Эбергард не слушал, читал сообщение Сигилд: «Эрна с классом едет Варшава — Берлин — Амстердам — Париж, не хочешь дать денег на путевку и личные расходы?» — «Нет»; звонок догнал его уже в коридоре:

— Тебе наплевать на дочь?! Да? Живешь в свое удовольствие? Никакой ответственности! Да денег можешь вообще больше не давать! Чтобы я… Не выпишешься из квартиры — Эрну больше никогда не увидишь — я сделаю так! — Она подождала: подождала радующих ее вспышек, плевков керосина в собственное пламя, страданий, задыхающегося голоса и раздраженно спросила в молчащую пустоту: — У тебя есть ко мне какие-то вопросы?

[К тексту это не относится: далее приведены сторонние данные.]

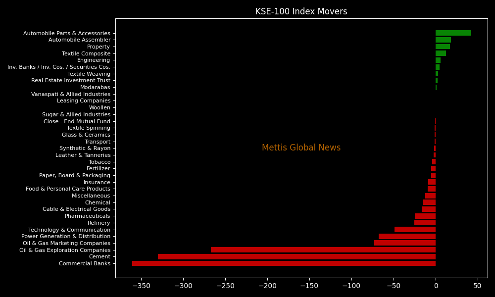 Sector-wise, the KSE-100 Index was weighed down by Commercial Banks (-360.48 points), Cement (-329.76 points), Oil & Gas Exploration Companies (-267.24 points), Oil & Gas Marketing Companies (-72.99 points), and Power Generation & Distribution (-67.54 points). Some support was observed in automobile-related and textile sectors.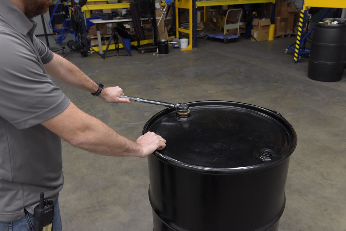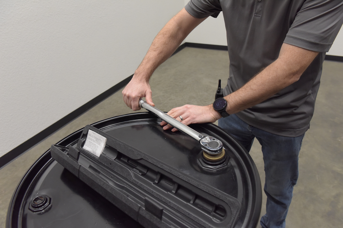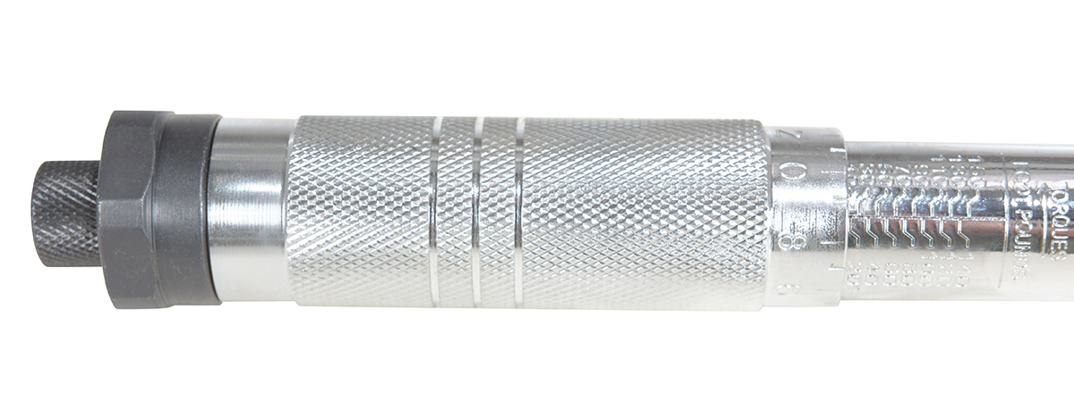 Reversible ratchet-head style torque wrench with easy to set torque setting - wrench "clicks" when setting is reached. Knurled handle grip surface for extra grip during use. Use with bung sockets to comply with UNC standards.

— Нет, — вопросы Эбергард накопил только к самому себе, и — следом эсэмэс от Эрны, первая за недели, месяцы и — о чем? «Почему не хочешь давать денег на поездку?!» Отвечать — не отвечать? И всё-таки ответил: «Потому, что не чувствую твоей любви» — двенадцатилетней девочке он ответил так и ответа не ждал, кончилось; всё, что касалось Эрны, — вымерло внутри, ему показалось — больше не заболит. Что произошло? Порезался обидой до крови и перестал скучать. Всё, что мог: будил Эрну болью, пытался вызвать недоумение и тоску, обратить внимание на потерю отца — ничего не заметила. И теперь он чувствовал: не хочет говорить с Эрной. Не хочет обслуживать. Оставался вопрос: любит он ее? Любил? Или с дочерью у Эбергарда произошло всё то же самое, что с ее мамой, только намного быстрее?

Фриц устроился — редеющие префектурные старожилы, избитые тарными пульками, постановочно освещенные жестяные зайцы-барабанщики и медведи делились этой вестью с радостью, словно обреченный Фриц испытал на себе сверхновую рискованную вакцину и — выздоровел совершенно, хоть и потерял половину веса и волосы все, потенцию и зубы, — теперь у всех, кому грозит чума сиреневых штампов в трудовых и окончательных страшных разговоров, есть надежда что-то такое проглотить, дурно пахнущее выпить и всё-таки вынырнуть с задыхающимся стоном из-подо льдов, в какой-то дальней полынье, пугнув тюленей и нерп.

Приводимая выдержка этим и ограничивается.